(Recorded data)
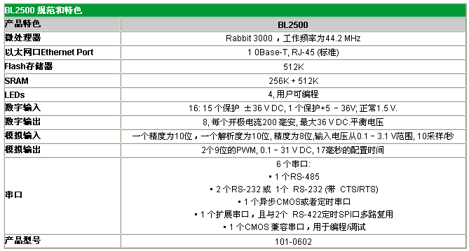 Embedded PLC應用開發包可應用在Rabbit 3000的單板機上,使用PLC(可編程邏輯控製)編程通用的標準軟件環境。自動化控製應用係統設計者現在能夠從Rabbit獲得更多高性價比的硬件解決方案,並且軟件開發與國際標準IEC61131-3兼容。 自動化控製係統像工廠裝配生產線,一般都使用工業編程語言,例如:順序功能圖(SFC),功能塊圖(FBD),梯形圖(LD),結構文本(ST)和指令列表(IL)。Embedded PLC應用開發包支持IEC61131-3標準中包含的所有這些語言,另外還支持其他工業語言流程圖(FC)。開發包還包括ISaGRAF V3.50版本(含32個I/O包),它支持Rabbit硬件平台的移植。 Embedded PLC應用開發包為您提供所有需要的工具,這樣您可以在Rabbit Semiconductor SBC上使用ISaGRAF PLC編程係統。在該開發包中還包括BL2500,帶flash存儲器,SRAM,數字I/O口,模擬I/O,RS-232/RS-485串口以及10/100baseT以太網口的高級單板機。BL2500單板機為自動化控製工程師提供功能強大,低成本的嵌入式解決方案,適用於像工業裝配控製,訪問控製,HVAC和自動售貨機等高級應用。BL2500僅僅100 x 100毫米的尺寸大小易於安裝在標準100毫米的DIN導軌中。外部連接是通過偏振滾動摩擦鎖相連接器以及線纜提供。 產品特色: ・ 支持32個I/O 的ISaGRAF V3.50平台 ・ 完整具備BL2500特性 ・ 內嵌BL2500 Embedded PLC內核 ・ 原裝線,連接器和終端 ・ 編程連接線和文檔 ISaGRAF V3.50支持以下工業可編程語言: ・ 順序功能圖(SFC) ・ 功能塊圖(FBD) ・ 梯形圖(LD) ・ 結構化文本(ST) ・ 指令表(IL) ・ 流程圖(FC) 應用 ・ 工業自動化 ・ 運動控製 ・ 進程控製 ・ 分布式控製係統 ・ 複雜網絡
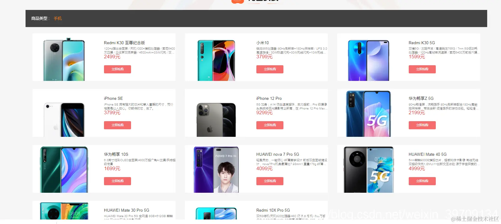 都能满足你的需求。原始Jsp、SSM、SpringBoot、以及HTML+CSS+JS页面设计, web大学生网页设计作业源码等等都可以参考得到解决。话不多说直接拿一个前后端分离网上手机商城平台系统来举例
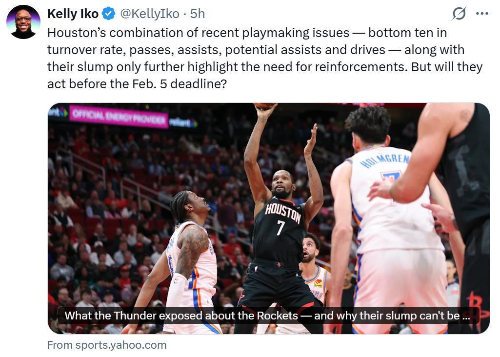 针对这样的局面,在距离赛季中期交易截止日越来越近之际,《雅虎体育》火箭跟队记者Kelly Iko发布长文披露火箭队内部想法与交易计划。
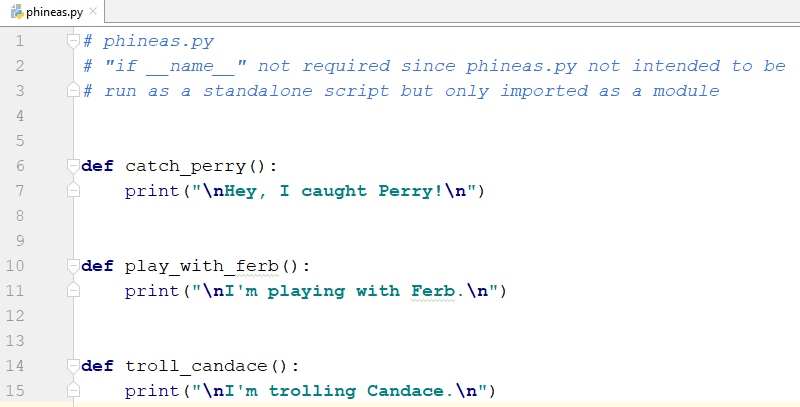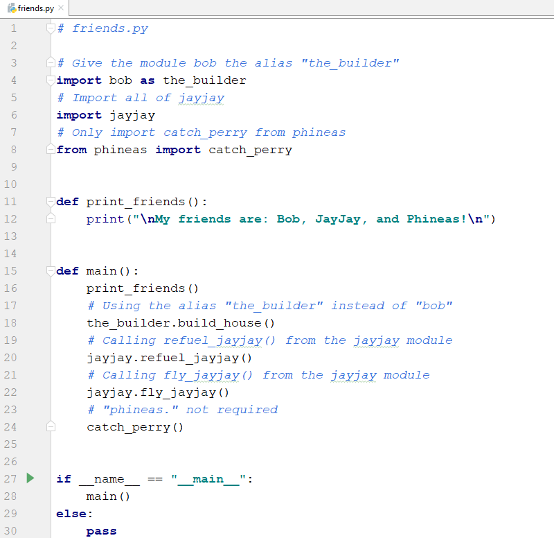 Notice that three variations of imports are shown. The module bob is assigned an alias the_builder which is used on line 18. All of the module jayjay is imported. Only catch_perry() is imported from the phineas module.
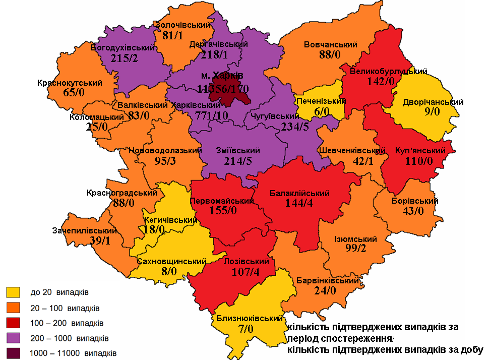 Загалом за весь період фіксації захворювання на Харківщині було 14 486 пацієнтів з підтвердженим лабораторним шляхом коронавірусом. Одужали з них 4 319 осіб, а 9 866 досі залишаються під медичним наглядом.

_What is required_
What is needed is an exact printout of all the entries, without the pictures.

_Solved problem_
 Embedded PLC應用開發包可應用在Rabbit 3000的單板機上,使用PLC(可編程邏輯控製)編程通用的標準軟件環境。自動化控製應用係統設計者現在能夠從Rabbit獲得更多高性價比的硬件解決方案,並且軟件開發與國際標準IEC61131-3兼容。 自動化控製係統像工廠裝配生產線,一般都使用工業編程語言,例如:順序功能圖(SFC),功能塊圖(FBD),梯形圖(LD),結構文本(ST)和指令列表(IL)。Embedded PLC應用開發包支持IEC61131-3標準中包含的所有這些語言,另外還支持其他工業語言流程圖(FC)。開發包還包括ISaGRAF V3.50版本(含32個I/O包),它支持Rabbit硬件平台的移植。 Embedded PLC應用開發包為您提供所有需要的工具,這樣您可以在Rabbit Semiconductor SBC上使用ISaGRAF PLC編程係統。在該開發包中還包括BL2500,帶flash存儲器,SRAM,數字I/O口,模擬I/O,RS-232/RS-485串口以及10/100baseT以太網口的高級單板機。BL2500單板機為自動化控製工程師提供功能強大,低成本的嵌入式解決方案,適用於像工業裝配控製,訪問控製,HVAC和自動售貨機等高級應用。BL2500僅僅100 x 100毫米的尺寸大小易於安裝在標準100毫米的DIN導軌中。外部連接是通過偏振滾動摩擦鎖相連接器以及線纜提供。 產品特色: ・ 支持32個I/O 的ISaGRAF V3.50平台 ・ 完整具備BL2500特性 ・ 內嵌BL2500 Embedded PLC內核 ・ 原裝線,連接器和終端 ・ 編程連接線和文檔 ISaGRAF V3.50支持以下工業可編程語言: ・ 順序功能圖(SFC) ・ 功能塊圖(FBD) ・ 梯形圖(LD) ・ 結構化文本(ST) ・ 指令表(IL) ・ 流程圖(FC) 應用 ・ 工業自動化 ・ 運動控製 ・ 進程控製 ・ 分布式控製係統 ・ 複雜網絡
 都能满足你的需求。原始Jsp、SSM、SpringBoot、以及HTML+CSS+JS页面设计, web大学生网页设计作业源码等等都可以参考得到解决。话不多说直接拿一个前后端分离网上手机商城平台系统来举例
 针对这样的局面,在距离赛季中期交易截止日越来越近之际,《雅虎体育》火箭跟队记者Kelly Iko发布长文披露火箭队内部想法与交易计划。
 Notice that three variations of imports are shown. The module bob is assigned an alias the_builder which is used on line 18. All of the module jayjay is imported. Only catch_perry() is imported from the phineas module.
 Загалом за весь період фіксації захворювання на Харківщині було 14 486 пацієнтів з підтвердженим лабораторним шляхом коронавірусом. Одужали з них 4 319 осіб, а 9 866 досі залишаються під медичним наглядом.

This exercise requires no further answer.